▶ [PROBLEM]: Return nothing but the lines from the one containing "Modern wedding invitation" through the end of the records below, exactly as they stand and without pictures.

▶ [EXERCISE MATERIALS]:

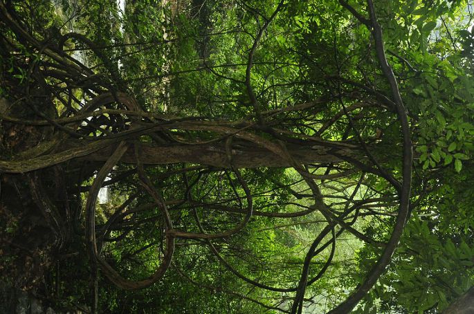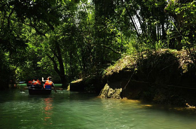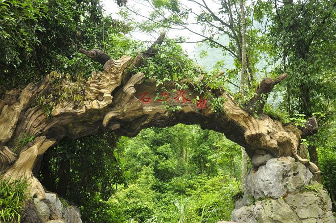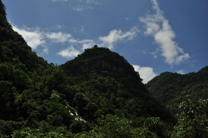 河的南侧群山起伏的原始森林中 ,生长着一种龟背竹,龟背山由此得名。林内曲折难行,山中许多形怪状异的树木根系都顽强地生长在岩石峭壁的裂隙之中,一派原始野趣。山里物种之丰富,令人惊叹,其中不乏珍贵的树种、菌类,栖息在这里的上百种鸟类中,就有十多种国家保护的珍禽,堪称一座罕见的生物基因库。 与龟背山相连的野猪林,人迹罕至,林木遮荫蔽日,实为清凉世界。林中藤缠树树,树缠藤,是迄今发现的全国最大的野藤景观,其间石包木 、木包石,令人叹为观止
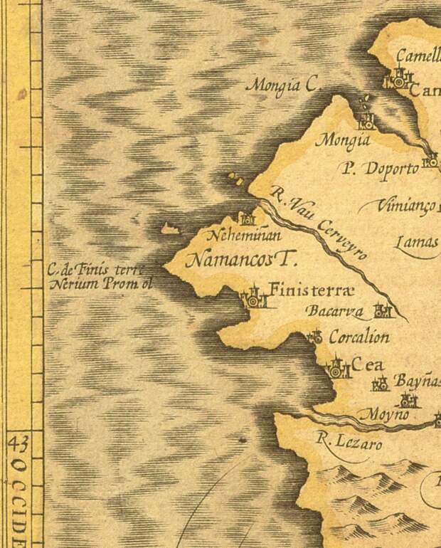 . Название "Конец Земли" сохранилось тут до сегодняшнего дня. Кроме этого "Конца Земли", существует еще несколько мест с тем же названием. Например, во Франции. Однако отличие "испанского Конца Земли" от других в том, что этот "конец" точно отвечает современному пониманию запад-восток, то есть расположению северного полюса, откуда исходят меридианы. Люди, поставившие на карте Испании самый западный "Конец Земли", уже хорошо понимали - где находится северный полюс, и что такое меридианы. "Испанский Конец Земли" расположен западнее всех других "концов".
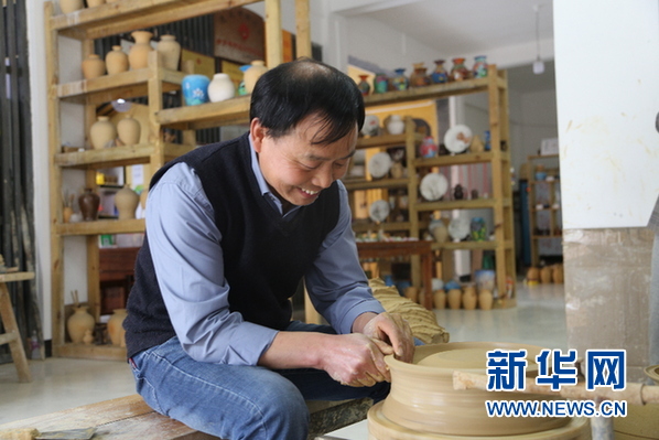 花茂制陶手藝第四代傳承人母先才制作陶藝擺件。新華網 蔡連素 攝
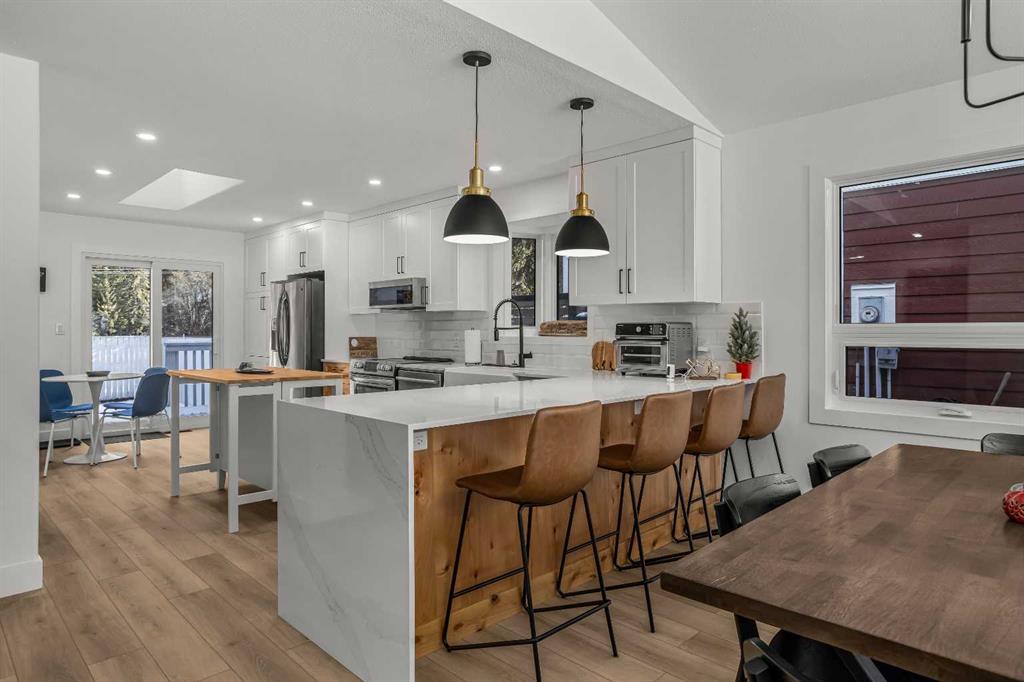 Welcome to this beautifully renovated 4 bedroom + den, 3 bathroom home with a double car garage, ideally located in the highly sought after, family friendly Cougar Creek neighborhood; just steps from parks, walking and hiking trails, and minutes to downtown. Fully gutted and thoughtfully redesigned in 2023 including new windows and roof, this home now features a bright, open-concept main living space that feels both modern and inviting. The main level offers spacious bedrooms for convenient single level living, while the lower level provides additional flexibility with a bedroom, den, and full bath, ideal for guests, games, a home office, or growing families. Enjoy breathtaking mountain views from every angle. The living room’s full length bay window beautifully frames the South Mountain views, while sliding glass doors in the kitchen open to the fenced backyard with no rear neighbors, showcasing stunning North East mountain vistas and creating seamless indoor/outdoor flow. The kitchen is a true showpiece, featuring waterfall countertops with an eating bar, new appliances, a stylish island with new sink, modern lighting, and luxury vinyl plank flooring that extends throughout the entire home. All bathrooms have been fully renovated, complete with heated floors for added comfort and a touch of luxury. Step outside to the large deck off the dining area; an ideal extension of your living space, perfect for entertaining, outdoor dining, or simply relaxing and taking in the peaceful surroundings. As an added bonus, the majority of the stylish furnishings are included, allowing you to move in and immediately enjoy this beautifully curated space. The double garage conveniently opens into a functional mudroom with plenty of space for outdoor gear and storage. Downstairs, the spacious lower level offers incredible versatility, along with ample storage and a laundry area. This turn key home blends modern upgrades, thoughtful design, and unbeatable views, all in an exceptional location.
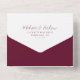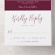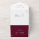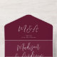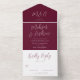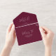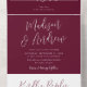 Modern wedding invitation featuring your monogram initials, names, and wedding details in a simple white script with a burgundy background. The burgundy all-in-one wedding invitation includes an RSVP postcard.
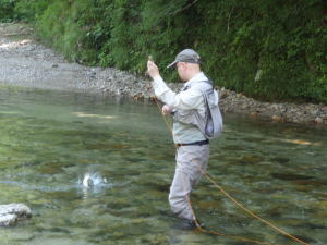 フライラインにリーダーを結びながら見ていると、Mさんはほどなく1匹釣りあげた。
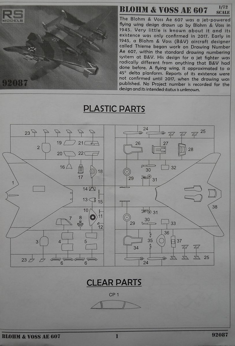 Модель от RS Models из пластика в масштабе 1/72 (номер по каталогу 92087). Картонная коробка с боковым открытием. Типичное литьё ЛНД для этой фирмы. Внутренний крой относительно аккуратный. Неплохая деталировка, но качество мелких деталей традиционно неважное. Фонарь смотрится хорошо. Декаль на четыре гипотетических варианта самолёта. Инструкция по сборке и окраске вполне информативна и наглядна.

▶ [TASK ANSWER]:
 Modern wedding invitation featuring your monogram initials, names, and wedding details in a simple white script with a burgundy background. The burgundy all-in-one wedding invitation includes an RSVP postcard.
 フライラインにリーダーを結びながら見ていると、Mさんはほどなく1匹釣りあげた。
 Модель от RS Models из пластика в масштабе 1/72 (номер по каталогу 92087). Картонная коробка с боковым открытием. Типичное литьё ЛНД для этой фирмы. Внутренний крой относительно аккуратный. Неплохая деталировка, но качество мелких деталей традиционно неважное. Фонарь смотрится хорошо. Декаль на четыре гипотетических варианта самолёта. Инструкция по сборке и окраске вполне информативна и наглядна.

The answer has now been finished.